He called in Steve Hensley, manager of the nearby Ozark Plateau National Wildlife Refuge.

Hensley, who works for the U.S. Fish and Wildlife Service, confirmed that some of the bats were the rare Ozark big-eared variety.

The men were careful not to bother the colony.

Neither the tribe nor the federal agency will release the landowner’s name or reveal the exact location of the bats.

The bats can’t be bothered in the summer months, when they’re raising their young, Hensley said. If humans come around, the parent bats will abandon the pups.

They can’t be bothered while they’re hibernating during the winter, either.

If they awaken, the bats will begin burning the energy they’ve stored from a summer of insect-eating. With no bugs to consume, they’ll starve before warm weather returns, Hensley said.

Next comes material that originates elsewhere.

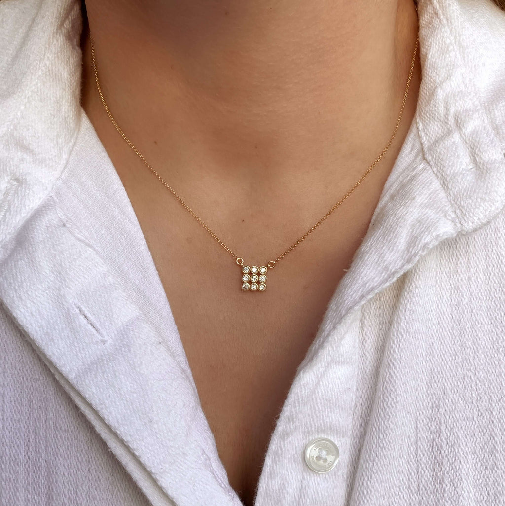 Delicate sophisticated 18k Gold filled necklace featuring a 3x3 cluster with bezel Cubic Zirconia stones. Dainty minimalist style to glow your personality.
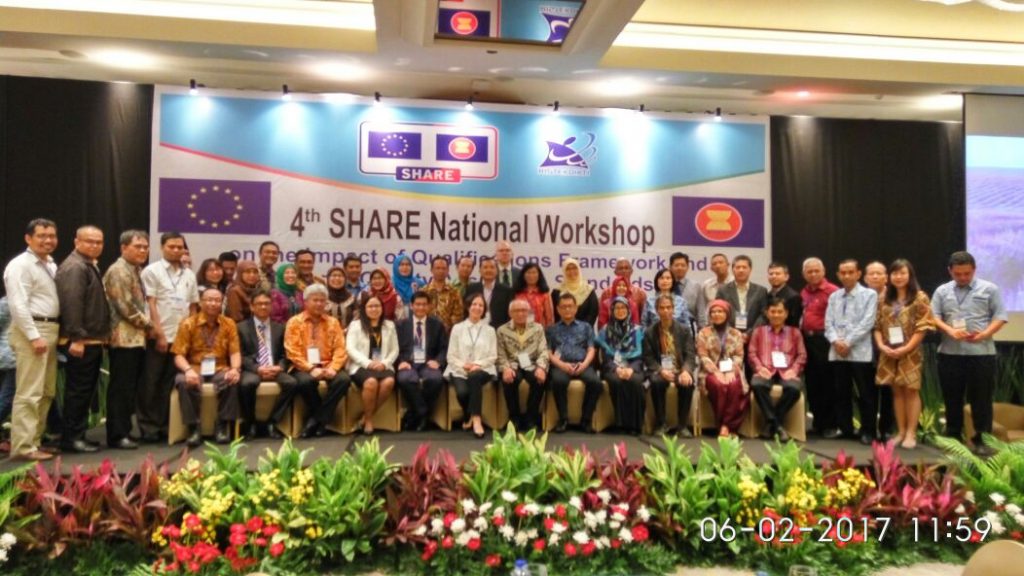JAKARTA – Dalam rangka memperkuat kerja sama regional, meningkatkan mutu dan daya saing, harmonisasi, serta mendukung saling pengertian antara Pendidikan Tinggi Eropa dengan institusi Pendidikan Tinggi di ASEAN, Direktorat Jenderal Pembelajaran dan Kemahasiswaan (Ditjen Belmawa) bekerjasama dengan SHARE menyelenggarakan workshop nasional dengan tema Dampak Kerangka Kualifikasi dan Standar Jaminan Mutu Regional di Perguruan Tinggi Indonesia pada Senin-Rabu (06-07/02). SHARE adalah sebuah konsorsium British Council (lead), Campus France, Jerman Academic Exchange Service (DAAD), Nuffic, Asosiasi Eropa untuk Quality Assurance di Perguruan Tinggi (ENQA) dan Asosiasi Universitas Eropa (EUA).

The landowner’s original plan to cut and sell his timber would be detrimental to the bats, so tribal and federal officers began searching for money to fund a conservation easement, which essentially would compensate the landowner for not cutting the trees and leaving the bats alone.

The Cherokee Nation came through with the money.

“Imagine yourself in these fiscal times saying, ‘I need x-number of dollars to save some bats,’” Gwin said. “That’s why I really say the Environmental Protection Commission of the tribe really stepped up.”

Although Gwin declined to give exact figures, he said the Cherokee Nation provided “several thousand dollars” to save the bats.